Squared loss smooth, better for optimization. Absolute loss less sensitive to noise and outliers.

## General — 400

Give two distinct reasons why you might not be able to use Newton’s method on a particular data set (independent of convergence).

Loss not twice differentiable, Hessian matrix not positive definite.

## General — 500

In the soft-margin SVM decision boundaries below, which corresponds to what value of C, for $$C \in \{ 0.0001, 1, 100 \}$$?

Large C behaves like hard-margin SVM. Small C might have some errors. So it's: 0.0001, 1, 100.

## More General — 100

Question: What is the difference between supervised and unsupervised learning?

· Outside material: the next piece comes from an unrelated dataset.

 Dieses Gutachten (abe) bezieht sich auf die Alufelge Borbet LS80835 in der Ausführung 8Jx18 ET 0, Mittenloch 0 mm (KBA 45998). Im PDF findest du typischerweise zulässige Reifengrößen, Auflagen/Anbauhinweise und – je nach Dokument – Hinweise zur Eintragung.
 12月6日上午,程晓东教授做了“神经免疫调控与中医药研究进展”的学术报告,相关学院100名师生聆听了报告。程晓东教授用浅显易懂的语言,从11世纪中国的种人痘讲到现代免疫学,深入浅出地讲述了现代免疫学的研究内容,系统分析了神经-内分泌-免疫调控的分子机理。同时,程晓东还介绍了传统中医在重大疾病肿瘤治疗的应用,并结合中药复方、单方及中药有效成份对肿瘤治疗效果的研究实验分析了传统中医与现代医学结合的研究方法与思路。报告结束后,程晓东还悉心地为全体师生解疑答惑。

Supervised learning has labels. Unsupervised learning doesn't.

## More General — 200

Question: Why is your test error typically higher than your validation error?

Distribution shift and overfitting in model selection.

## More General — 300

Classify the following models as discriminative or generative:

• SVM
• Logistic regression
• Perceptron
• Naïve Bayes

All of them are discriminative except Naive Bayes.

## More General — 400

Classify these models as classification, regression, or both:

• kNN
• SVM
• Logistic regression
• Linear regression

Linear regression is regression; kNN is both; the other two are classification.

## More General — 500

What is the difference between linear regression and ridge regression? When might you want to use one over the other?

Ridge regression adds a regularizer: it's the MAP to linear regression's MLE.

## Unsupervised — 100

True or False, and Explain Why: K-means and PCA require labeled data

False. They're unsupervised learning methods and as such don't require labels.

## Unsupervised — 200

Give an example of how to choose k, the number of clusters, when using k-means.

Look at loss versus k and see where the graph has a "knee".

## Unsupervised — 300

Why do we remove the mean from data before computing principal components (i.e., equating them to singular vectors)?

Otherwise we'd tend to reduce to the direction of the mean, which is not what we want.

## Unsupervised — 400

Does Lloyd’s algorithm (the one we discussed to practically solve K-means) always yield the optimal clustering for a given k? If it doesn’t, why not?

It doesn't: there are multiple stable clusterings that could result.

## Unsupervised — 500

Give two motivations why someone might apply PCA on their data?

Removes computational cost of high dimensions, removes noise that might negatively impact learning, facilitates visualization, etc.